PTLE - Limited to 32 tracks, no support for vst, dx or au plugs (only rtas)

actually they have a VST to RTAS converter and most VST's (magor ones anyways) will have RTAS. So I wouldn't use that as an agruement but everything else you said i would agree with.

But if you plan on just running your stuff at home stickly then i would look at other programs, Cubas, Sonar, Audition etc. I went with PT because I needed to jump around to different studio's with the same project and infact i'm starting to get quite fond of it.

cruisemates Mon, 06/25/2007 - 17:24

leedsquietman wrote: well the argument that ptle/m-powered is 'industry standard' it's quite a bit of hype. The obvious advantage is that you can load up a project created in it into the 'proper' pro tools tdm HD system.

Yeah, I would say I disagree with this a great deal, too.

leedsquietman wrote:
This is about the only advantage. Almost anything else offers you better functionality, more features, doesnt tie you to hardware, and any little upgrade costs 1000 dollars.

Protools 7.3 comes with what I consider to be great plug-ins included. The 7-band EQ is outstanding, the included limiter is punchy. Noce reverb, etc. Plus with the free Bomb Factory stuff you get more limiters.

leedsquietman wrote:
PTLE - Limited to 32 tracks, no support for vst, dx or au plugs (only rtas), poor MIDI, very few plugins unless you upgrade,

The Midi has been upgraded, its far beyond anything I would ever want to dig into, it has all the swing/quantize/note selection.... I need.

no plug in delay compensation, lack of proper real time fx processing and then the hardware:

You can use real-time effects in mixing, just not in tracking. But the plugins are so good no one using it even worries about the outboard stuff.

- M-Audio stuff since Avid bought it is distinctively underwhelming, especially the fiirewire 410, one of the most inconsistent products ever if you believe the users in several other forums.

I dunno, personnai I bought a Digi002 on Ebay, but found out I could have gotten by with an Mbox since I just work at home and the mixing is done in the computer.

the digi 003 is reasonable performance wise but overpriced for what it offers. Digi are selling you the hardware, the software is not much better than freeware programs and in fact, Reaper a 45 dollar program kicks the PTLE/M-Powered software to the kerb in terms of features.

Never heard of it, but color me skeptical.

And as far as stability goes, maybe in Mac but for PCs it's a well known fact that Digi refuse to support numerous chipsets including many Intel ones.

No, they refuse to support one chipset: Sis. I use an intel chipset on my Protools setup.

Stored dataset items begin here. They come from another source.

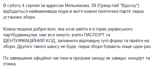 Каждый человек доброй воли, который хочет войти в историю украинского партстроительства, должен все бросить, взять паспорт и идентификационный код, заполнить гугл-форму и прийти на собрание. Второго такого шанса не будет, первое собрание бывают только один раз. По завершении официальной части в программе мероприятия как всегда: концерт и пьянка", - написали организаторы.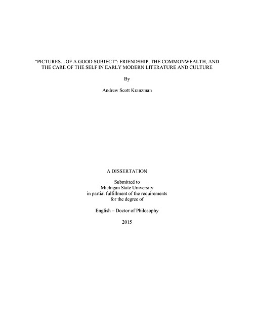 "Pictures...of a good subject" : friendship, the commonwealth, and the care of the self in early modern literature and culture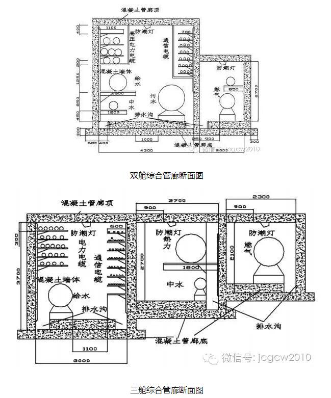 断面形式:大多为矩形结构和圆形结构,一般是根据纳入的市政管线种类、数量、施工方法、地下空间情况和当地的经济情况等进行设计。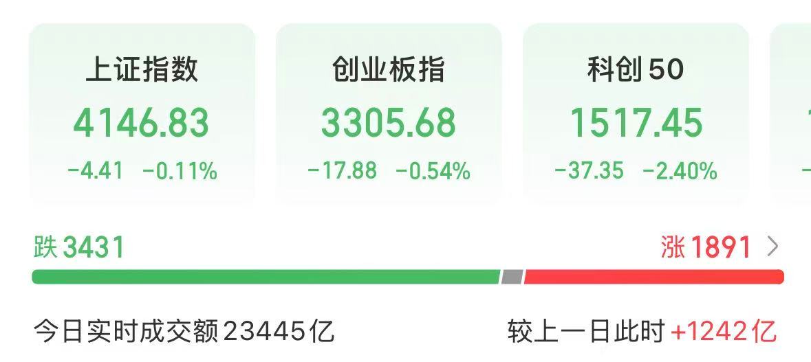 盘面上,截至我发文,上证指数下跌0.11%,创业板指数下跌0.54%,科创50下跌2.40%
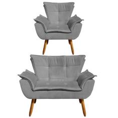 Kit Namoradeira 2 Lugares e 1 Poltrona Decorativa Pés Palito Opla Suede Grafite - Ibiza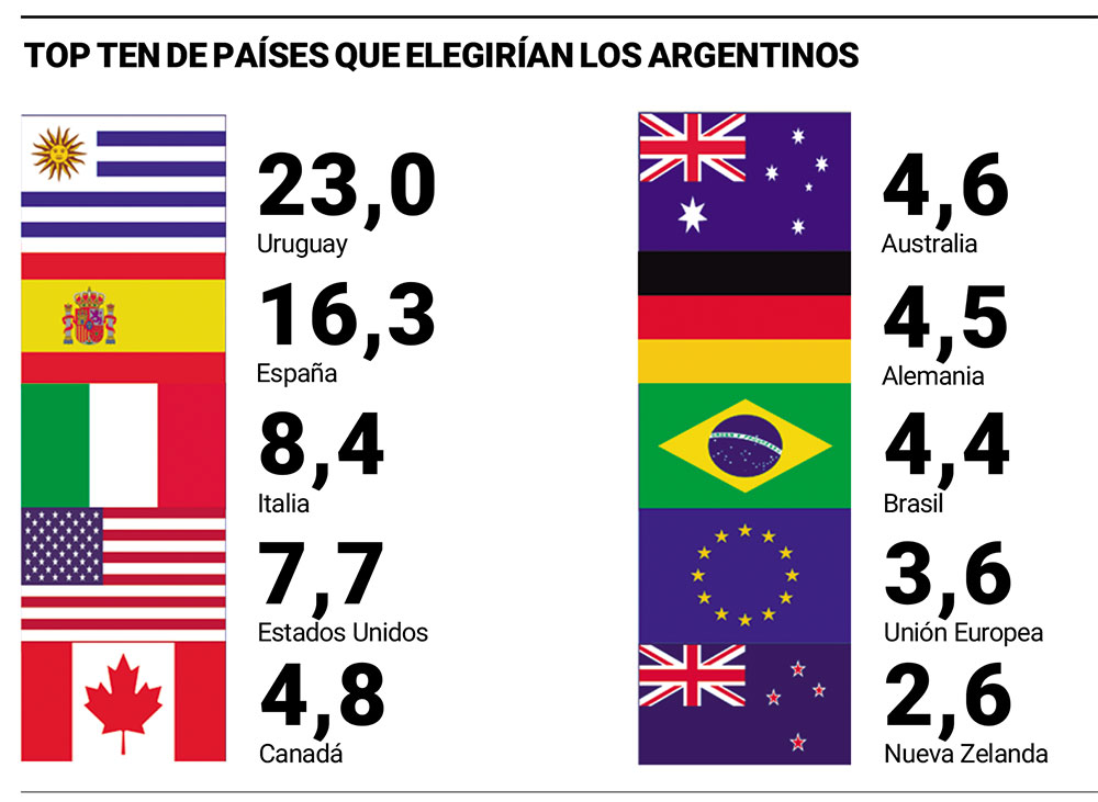 Entre los entrevistados por IPD hubo diversidad de destinos a los que les gustaría ir. Pero “eligieron países concretos como Uruguay (23%), España (16%) o Italia (8%). ¿Qué tienen en común esos tres países con Argentina? Lo que nosotros observamos es que hay una característica cultural similar con la Argentina. Mientras que el Uruguay es también por una cuestión de proximidad”, opinó Solmoirago.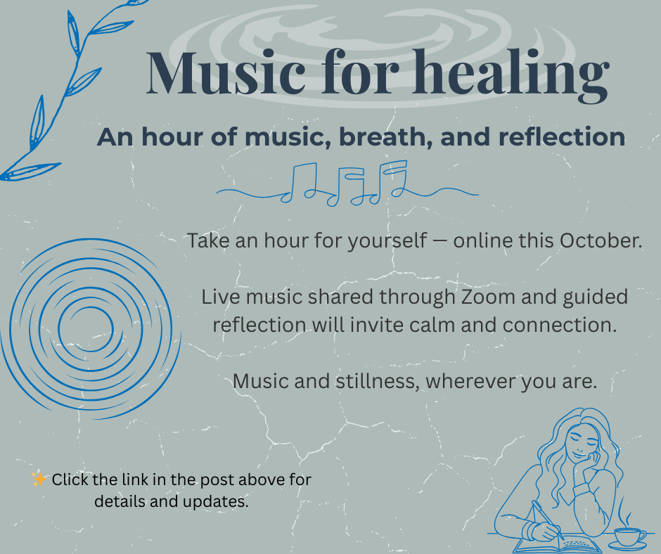 I’m trying something new — a gentle, one-hour online session combining live music through Zoom, guided reflection, and journaling. It’s an experiment close to my heart, and I’d love to share this space with you.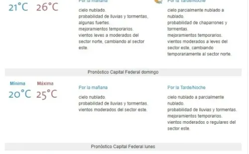 Pero… ¿cómo va a estar el clima mañana a esa hora? Los principales servicios meteorológicos de la República Argentina anuncian más lluvias, por lo que el panorama no se presenta tan favorable tampoco.

Some of these are not very good but Sonar, Samplitude, Cubase etc run on them and are supported, even if there are better choices. Digi just plain blank refuses to support them, so you better check that too if you do decide to go Protools.

Personally, I would look elsewhere unless you are planning to upgrade to a PTHD system costing thousands sometime in the near future. There's always .omf export if you choose another system which is fairly compatible for most situations from a different DAW to PT.

Sonar and Cubase are both good, but I am very happy with Protools. It sounds great and does everything I want it to do. The visual audio editing features are outstanding because it was a DAW first, not a midi program givin audio capabilities later. It is hardware intense, but because it works hard. And, it isn't the cheapest, but if that is what you want, then...

For my money, being able to make upwards compatible tracks is worth a lot. What if you record something killer and you really want to bump it up to a better system?